Beschrijving
In Over de liefde wordt een vrouw verlaten: haar derde lange liefdesrelatie is stukgelopen, zonder dat zij een idee heeft waardoor, door wie of waarom. Voor de zoveelste keer in haar leven is zij alleen, in de steek gelaten, op de rand van een depressie. Dan overkomt haar een ernstig ongeluk, waaraan ze een gaatje in haar geheugen overhoudt: hoe gebeurde dat ongeluk? De zoektocht naar wat de hersenen voor haar versluierd willen houden, leidt haar terug naar haar jeugd, toen ze voor de allereerste keer verliefd was.
Recensie(s)NBD|Biblion recensieMeijsing (1947) heeft vaker autobiografisch geschreven, zoals in '100% chemie' en 'Moord en doodslag' dat ze samen met haar broer Geerten schreef. Zo ook in deze nieuwe roman. De lesbische ik-persoon wordt door haar (derde) geliefde bedrogen, wat bij haar herinneringen oproept aan haar eerdere relaties en eerste verliefdheid. De bedriegende geliefde modelleert Meijsing overduidelijk naar haar ex-vriendin Xandra Schutte, toen hoofdredacteur van Vrij Nederland, en de ik heeft veel trekjes van Meijsing zelf.

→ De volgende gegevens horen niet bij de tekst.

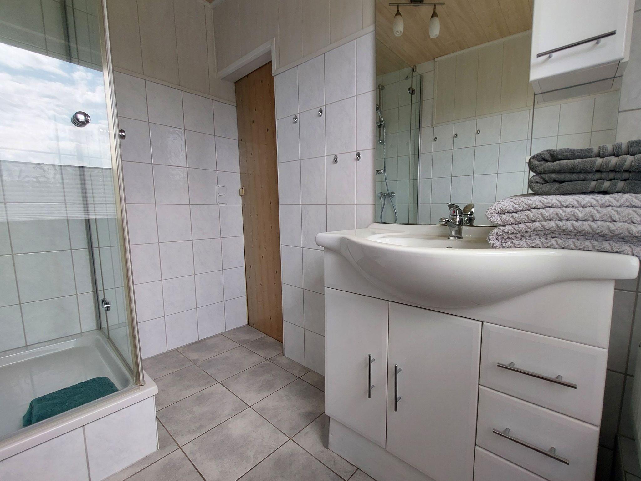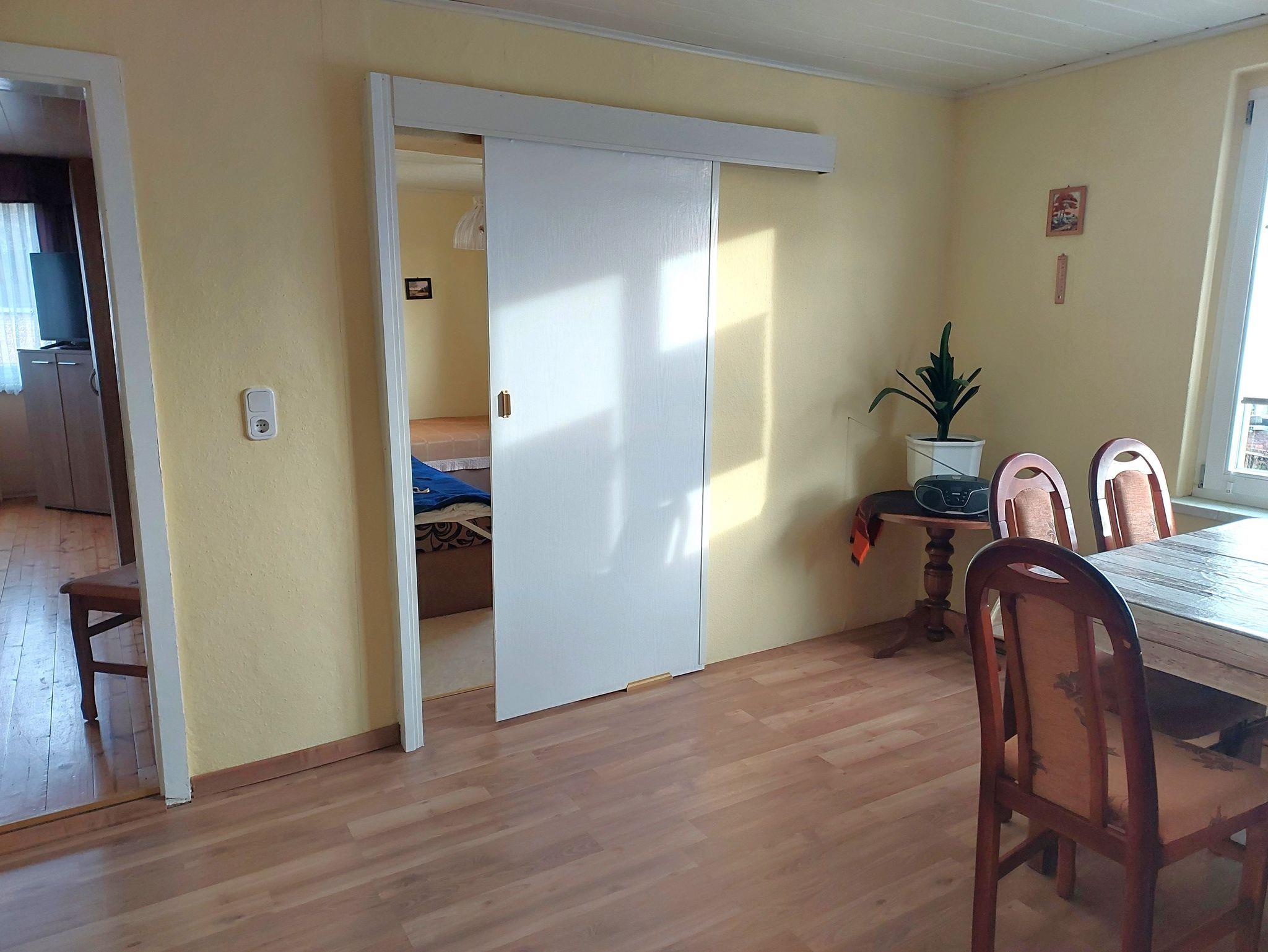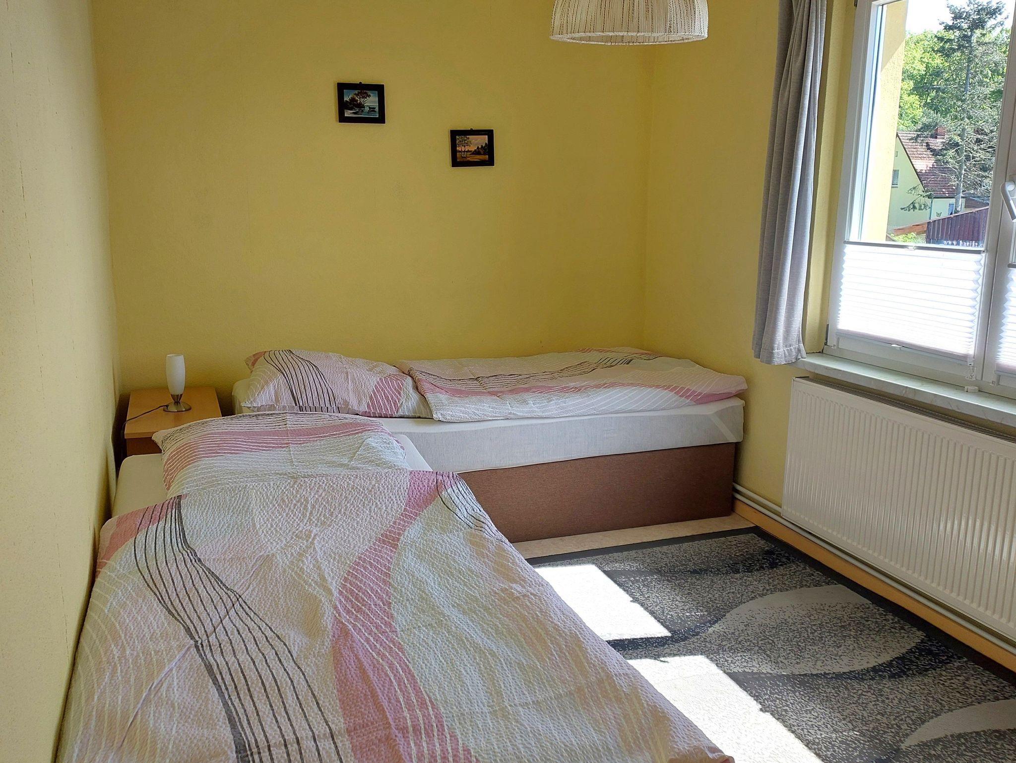 Die Ferienwohnung befindet sich im Dachgeschoss unseres Einfamilienhauses, ist ca. 60m² groß und verfügt über ein gemütliches Wohn-/Schlafzimmer mit einer Couch, einem Boxspringdoppelbett, Einzelbett, Aufbettungsmöglichkeit und einem Flachbildfernseher. Die separate Küche ist ausgestattet mit einer Miniküche, Kühlschrank, Kaffeemaschine, Wasserkocher, Toaster, Microwelle und einem großen Essplatz. Insgesamt verfügt die Ferienwohnung über zwei Räume, Küche und Bad (Dusche/WC). Die möblierte Terrasse mit Grillmöglichkeit, sowie der große Garten laden zum Entspannen und Erholen ein. Kinderspielmöglichkeiten stehen im Garten bereit. Ganz in der Nähe befindet sich auch der kommunale Spielplatz mit Fußballplatz und Basketballfeld. PKW-Stellplätze sind auf dem Grundstück vorhanden, ebenso eine abschließbarer Fahrradschuppen.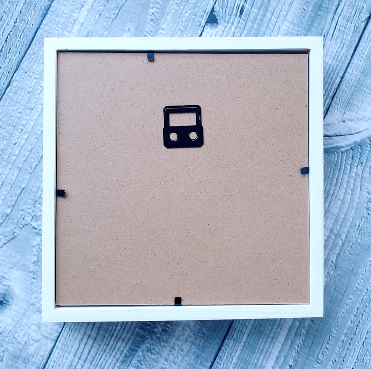 The rustic frame will come with glass measuring appropriately 19cm x 19cm. Photos were taken without glass to avoid reflections.

Met name het feit dat iedereen al van het bedrog wist behalve zij, leidt bij de ik tot schaamte en de wens zich nooit meer in het openbaar te vertonen. Het verhaal wordt een bijna plotloze monoloog waarin de vertelster zich aan een zelfonderzoek onderwerpt en zich voorzichtig weer onder de mensen begeeft. Ze doet dat niet zonder bitterheid en woede, maar vooral ook met humor en zelfkritiek. Een essayistisch en boeiend verhaal - wel met een ietwat hoog grachtengordelgehalte - over schaamte, liefde, ongeluk, bedrog en verdriet, waarin toeval een belangrijke rol speelt. Vrij kleine druk.